What is Workplace Retaliation?
Most companies in the United States operate under the law that says that all people who work for them are at-will employees. That means that they can either quit or be terminated at any time. However, there are other laws in regards to the civil and constitutional rights that Americans have that further clarify employee rights by stating that employers must not purposefully terminate or act in a retaliatory manner against an employee simply because they tried to seek help to protect themselves or others against the illegal or unethical actions of other employees. Some common examples of retaliation in the workplace include being fired, demoted, harassed, or receiving a decrease in pay. Occasionally, companies attempt to be more discrete in their actions though by refusing to give an employee important communications that they need to do their job properly, not telling them about meetings or upcoming projects, or giving them poor performance reviews that result in them receiving undeserved consequences.
When Should a Person Seek Legal Help for Workplace Retaliation?
It is crucial that a person who has been subjected to workplace retaliation seek legal help as soon as possible for the matter because it can worsen over time, which could lead to financial loss and severe emotional and physical stress. There are also time limits set in some places that require the retaliation to be reported within three months or so after the event has taken place. Attorneys who specialize in employment law can offer advice regarding what legal actions that a retaliation victim can take and how they can protect themselves from further abuse from the employees who are taking part in the retaliation. It is important to mention that there are some cases of retaliation that require immediate legal action though, such as threats of violence against an employee or their friends or family members. If this should occur, it may be necessary to report the incident to the police as well. An attorney can help with this process too.
How Can Retaliation Be Proven in Court?
Documentation is absolutely crucial to proving retaliation in court because it can help give a judge or jury the timeline of the behavior. And this helps to show that the actions that were taken were indeed retaliatory and not based on an employee’s failure to perform their job duties. It is also important because it is not illegal for a company to terminate, demote, or decrease the pay of an employee who is failing to perform their job duties.

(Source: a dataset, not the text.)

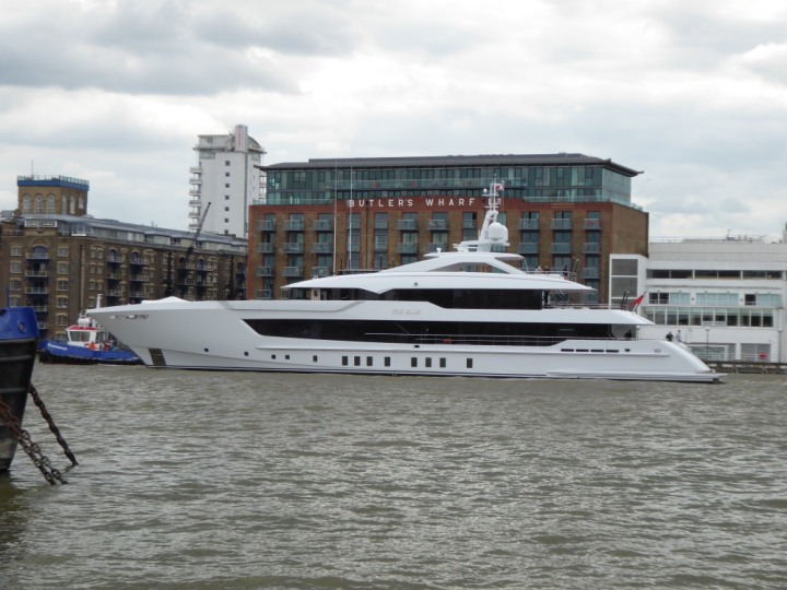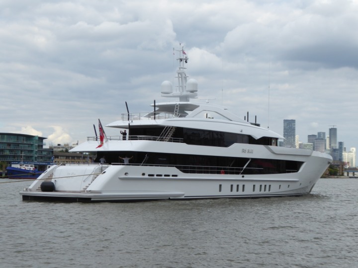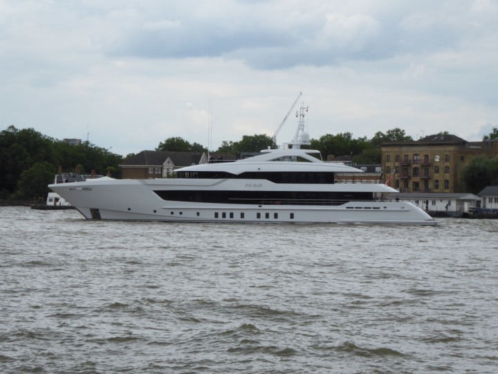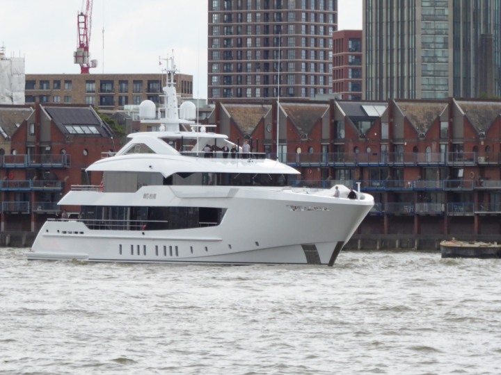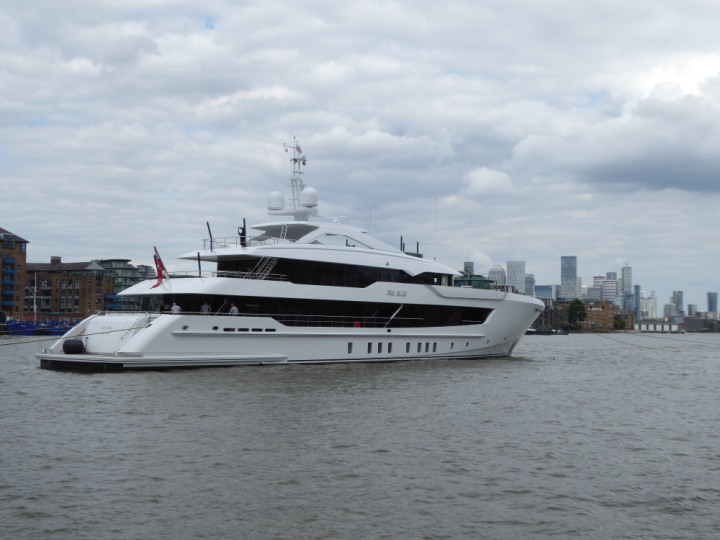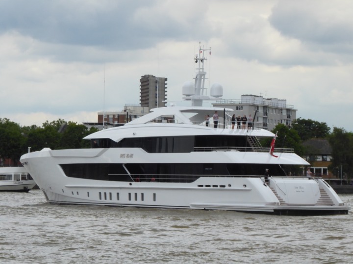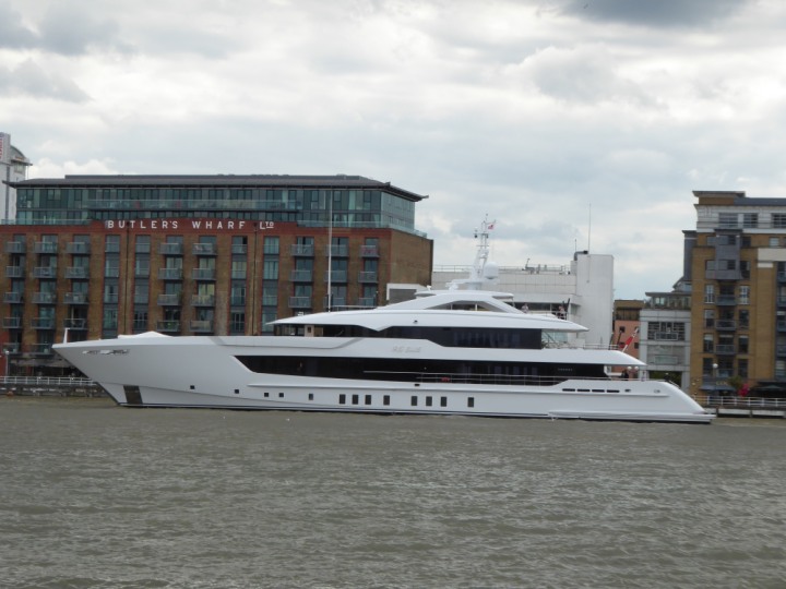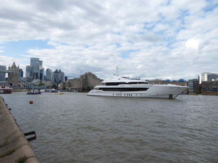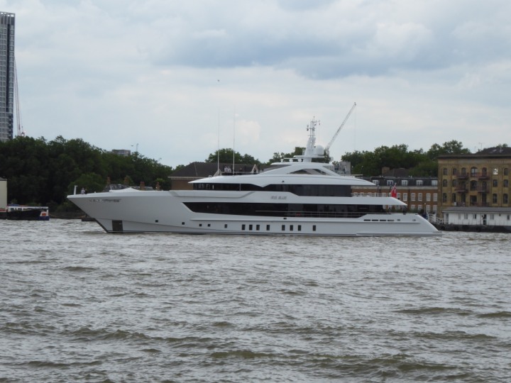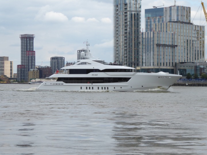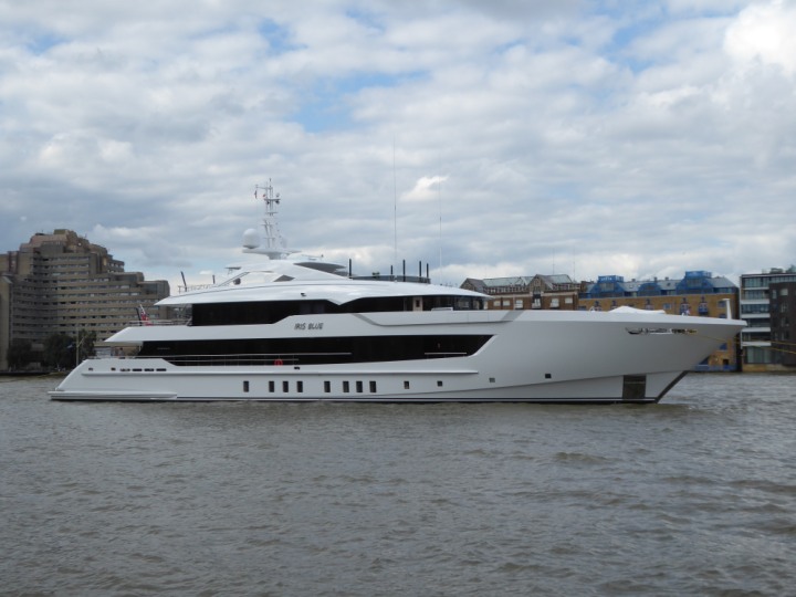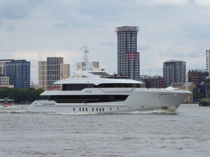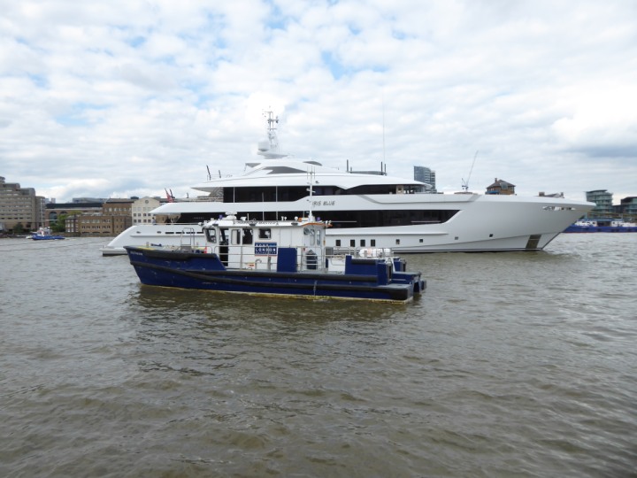 IRIS BLUE romagic. 24 * *Click a Photo Above   once Big, click Right    Arrow in corner >   to start Slide Show   or Fast F/FW  > L:55x10m (180x31ft+) Tuesday 23 July 2024 Brand New Super Yacht February this year the owner took possession of this 55 meter yacht. A warm overcast afternoon just before Tower Bridge the Yacht was turned round and  reversed back to moor near Butlers Wharf at 4pm.

So some companies use this to their advantage by saying that the employee brought the actions onto themselves. The difference often lies in when the actions began. For example, if a person is fired or demoted as soon as they report a supervisor for sexual harassment, the company’s actions were most likely retaliatory. Proper documentation of the actions can help prove this in court if the dates, times, and witnesses to the events are all listed. It is also necessary to get copies of any statements, negative performance reviews, or electronic correspondence that was given by the offending parties or company representatives. It is important to mention that all forms of documentation must be kept in a safe area away from the company’s location though. That is because companies who take part in retaliation may destroy any evidence that they find of it so that they can ensure their success in court.